Homelite Chainsaws

Arborist Forum

Help Support Arborist Forum:

This site may earn a commission from merchant affiliate links, including eBay, Amazon, and others.
Mitch is who I got the cyclinder from:msp_thumbsup: I don't think he had a piston.

I see the aftermarket ones on the ebay and there is also an NOS ones for more coin.

Wondering if anyone has any hard run time on the Aftermarket ones?

Don't want to risk buying one to only possilby ruin a new cylinder:(

That's a tough one. For the small cost increase, I think I'd go with aftermarket. Like you said, I wouldn't want to risk an NOS jug. Check with the chainsawlady. Bet Joyce has something for you.
 
Picked up a non-op 1050 last week and looking for some info in my quest to bring it back up to operational condition. I took the bar and chain off and noted that the drive sprocket was kind of rattle-ish/loose. How much play and wear on the teeth is considered "normal" !??? What is the recommended clutch/drive sprocket removal process......sure don't want to mess anything up on the first 6 cube saw in my saw stable. I've got some pictures of the 1050 and one that shows the wear on the drive sprocket teeth .

Saw pictures...........can anyone tell me what the manufacture date was of this saw by the S/N in the 4th picture?? Was it common or the 1050 to not come with a falling spike or ?? I'd like to get a OEM one for it......source suggestions?


Also wondering about the blade length...........is it a 32 inch / .063 gauge ??

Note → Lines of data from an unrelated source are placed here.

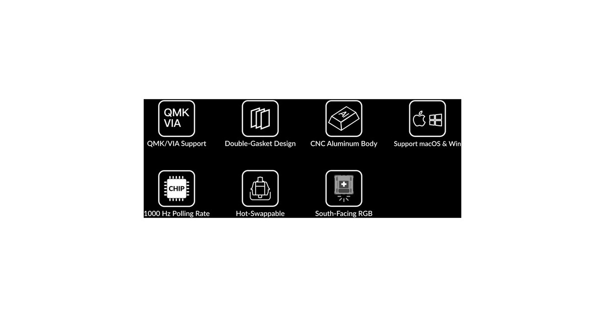 Aluminiumrahmen (6063 Aluminium, CNC-gefräst, poliert, eloxiert, sandgestrahlt) | Eingeschraubte PCB-Stabilisatoren | Vollständige QMK- und VIA-Unterstützung | macOS-Windows-Umschalter |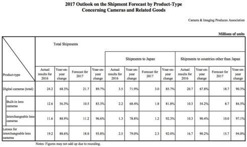 據(jù)CIPA(日本國際相機(jī)影像器材工業(yè)協(xié)會)日前發(fā)布的一份數(shù)碼影像產(chǎn)品市場報告顯示,2016年影像產(chǎn)品總出貨量約為2420萬套,比2015年同期減少31.7%。據(jù)CIPA的報告預(yù)測,2017年數(shù)碼相機(jī)產(chǎn)品的總出貨量預(yù)計(jì)將會在2170萬套左右,同比減少10.3%?梢哉f,整個行業(yè)依然處于持續(xù)的寒潮中。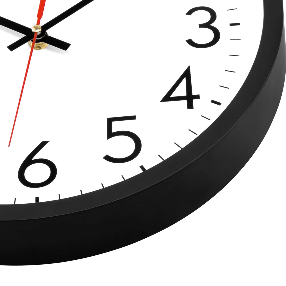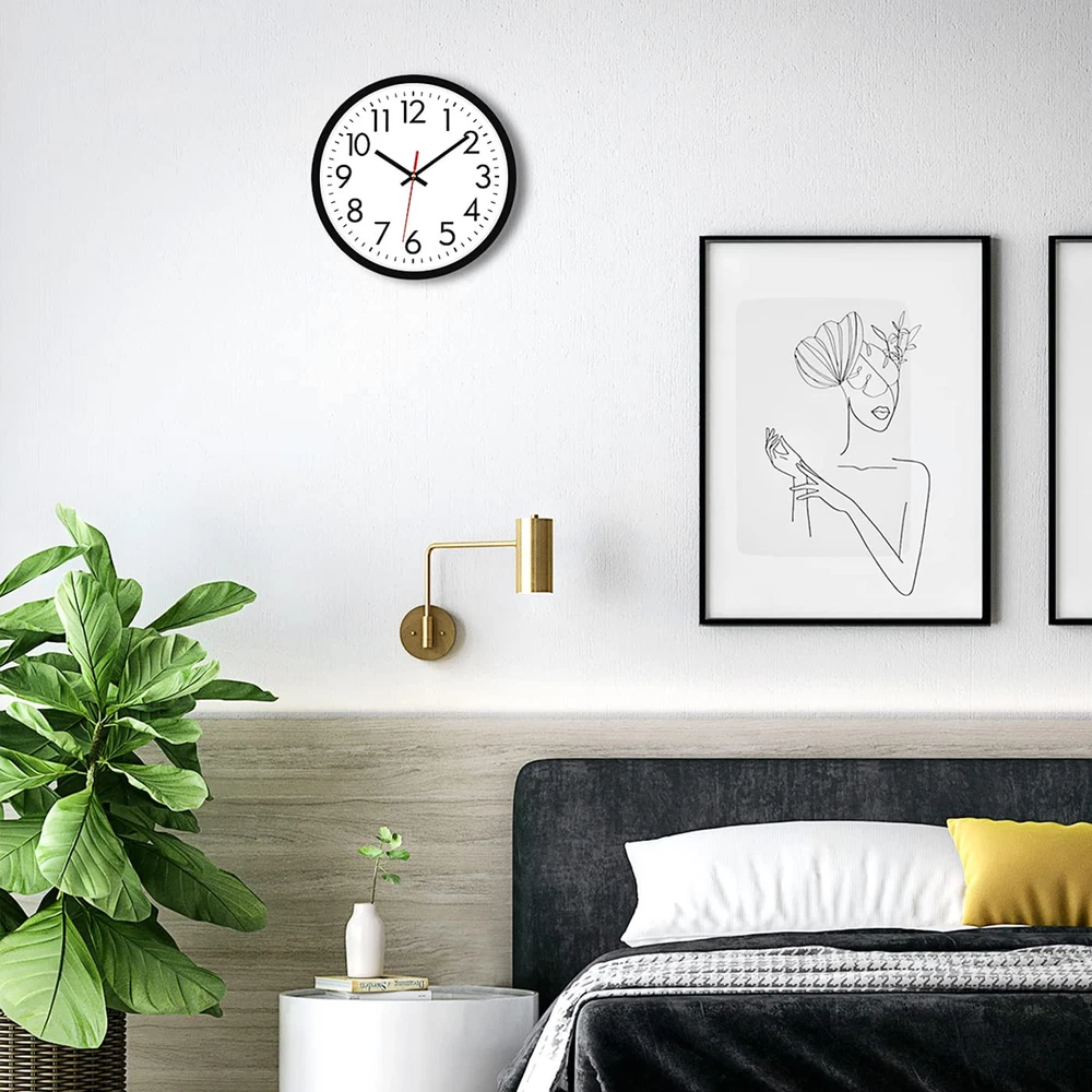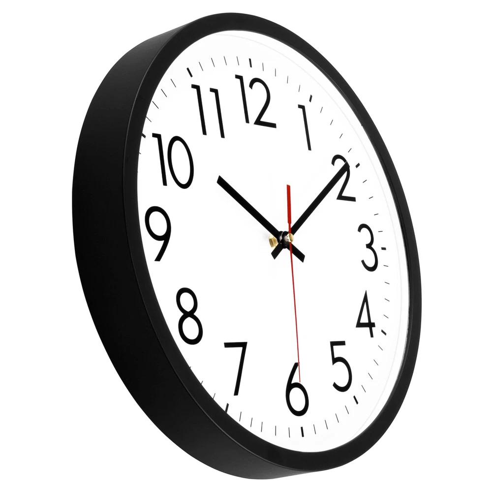 Easy to Read - 12”Large black numerals and red second hand with a non-reflective white clock face that enables you to read it from a distance across the room. The glass lens makes it easy to clean and keeps dust out of the dial Keeps accurate time - The battery operated wall clock tells you the time all day long and is suitable for daily use Silent wall clock - No ticking and buzzing sound, can ensure you work and sleep quietly Simple design - The plastic case of the wall clock is high quality and very sturdy, durable enough for gyms, living rooms, offices, offices, schools Easy to install by oneself - Come with a hook, wide slot in back for easy hanging. Battery powered, requires AA carbon battery (not included). (Alkaline battery or rechargeable battery which may have influence on the life span of clock movement, as well as the accuracy of the time).

Congrats on the new addition!
Not sure of the date but it is a later model judging from the starter decal and the hand guard. What carb is on it?
Shouldn't be much play between the clutch drum bearing and the crank. You need just enough endplay so the drum floats between the saw and the clutch. The only time it would rub is at idle when the clutch is not engaged. The sprocket wear is not bad but replacements pop up on ebay. Look for the rim sprocket model if you can find it. I believe that is the 3/4" wide version - replace the 5/8" wide clutch in earlier models.

The clutch is threaded on - I believe left hand. To remove it, you need to lock the piston (piston stop or the rope trick). I made a tool with two pins to engage the holes in the clutch and turn it off. Be careful, the clutch shoes can be costly.

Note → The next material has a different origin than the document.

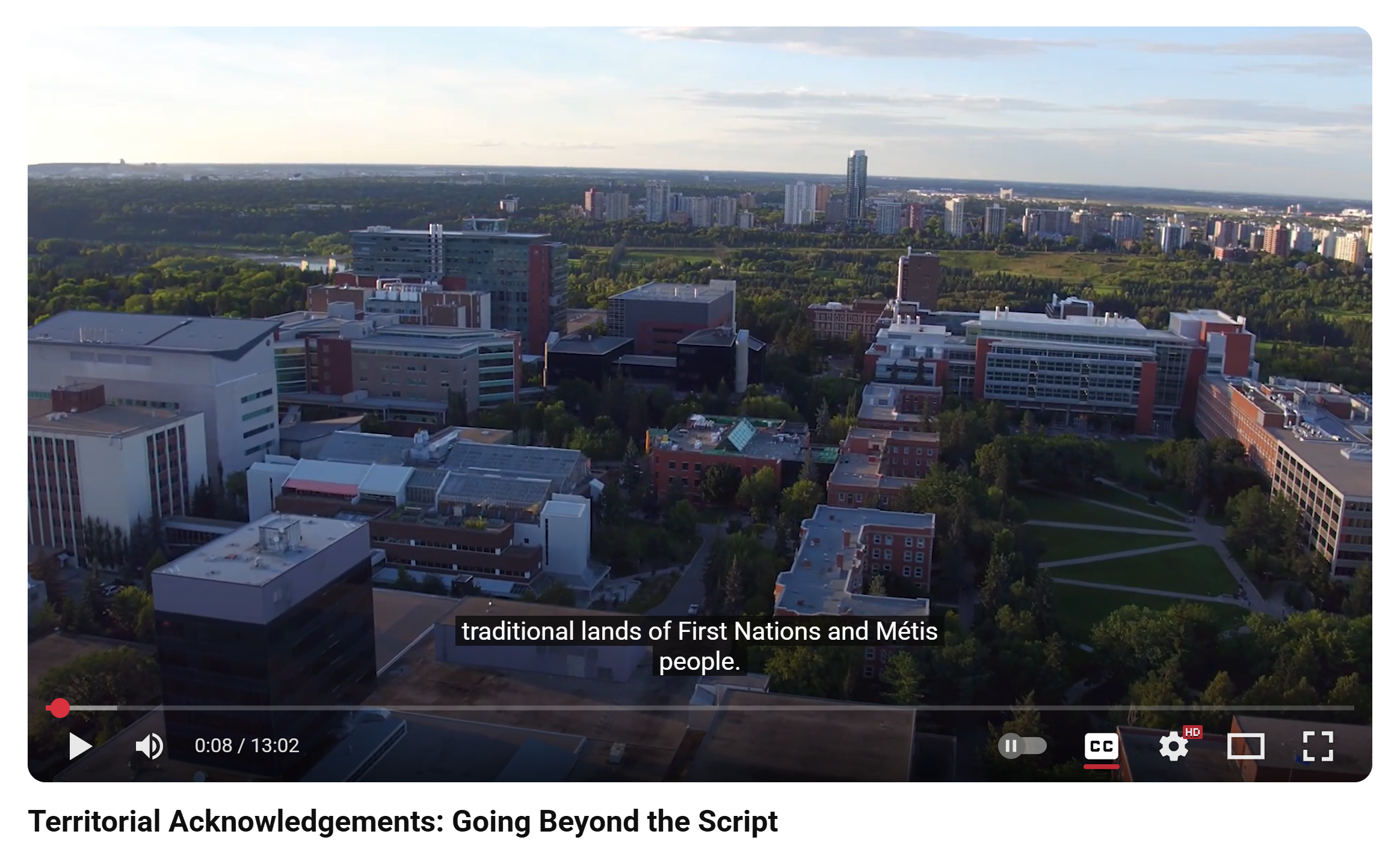 For teachers/facilitators giving a land acknowledgement, this territorial land acknowledgement video from the U of A Centre for Teaching and Learning offers seven tips for creating your own acknowledgement.

The bar should be .063, sprocket .404. I do recommend a spike to help prevent impact to the front of the fuel tank. There is a short and long tooth version - these also show up on ebay.

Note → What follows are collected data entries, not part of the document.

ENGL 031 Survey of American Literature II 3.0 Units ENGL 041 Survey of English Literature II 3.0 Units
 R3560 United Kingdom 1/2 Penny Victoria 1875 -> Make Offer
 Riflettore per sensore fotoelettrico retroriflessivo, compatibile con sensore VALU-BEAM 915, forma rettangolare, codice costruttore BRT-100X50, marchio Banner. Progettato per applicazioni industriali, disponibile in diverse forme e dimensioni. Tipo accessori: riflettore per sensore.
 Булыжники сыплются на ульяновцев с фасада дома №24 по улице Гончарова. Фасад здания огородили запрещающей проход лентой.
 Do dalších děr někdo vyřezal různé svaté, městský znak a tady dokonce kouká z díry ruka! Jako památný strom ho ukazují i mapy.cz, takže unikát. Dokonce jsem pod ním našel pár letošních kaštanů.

Gotta get to work. I'm sure you'll get more responses on this.
 
Picked up a non-op 1050 last week and looking for some info in my quest to bring it back up to operational condition. I took the bar and chain off and noted that the drive sprocket was kind of rattle-ish/loose. How much play and wear on the teeth is considered "normal" !??? What is the recommended clutch/drive sprocket removal process......sure don't want to mess anything up on the first 6 cube saw in my saw stable. I've got some pictures of the 1050 and one that shows the wear on the drive sprocket teeth .

Saw pictures...........can anyone tell me what the manufacture date was of this saw by the S/N in the 4th picture?? Was it common or the 1050 to not come with a falling spike or ?? I'd like to get a OEM one for it......source suggestions?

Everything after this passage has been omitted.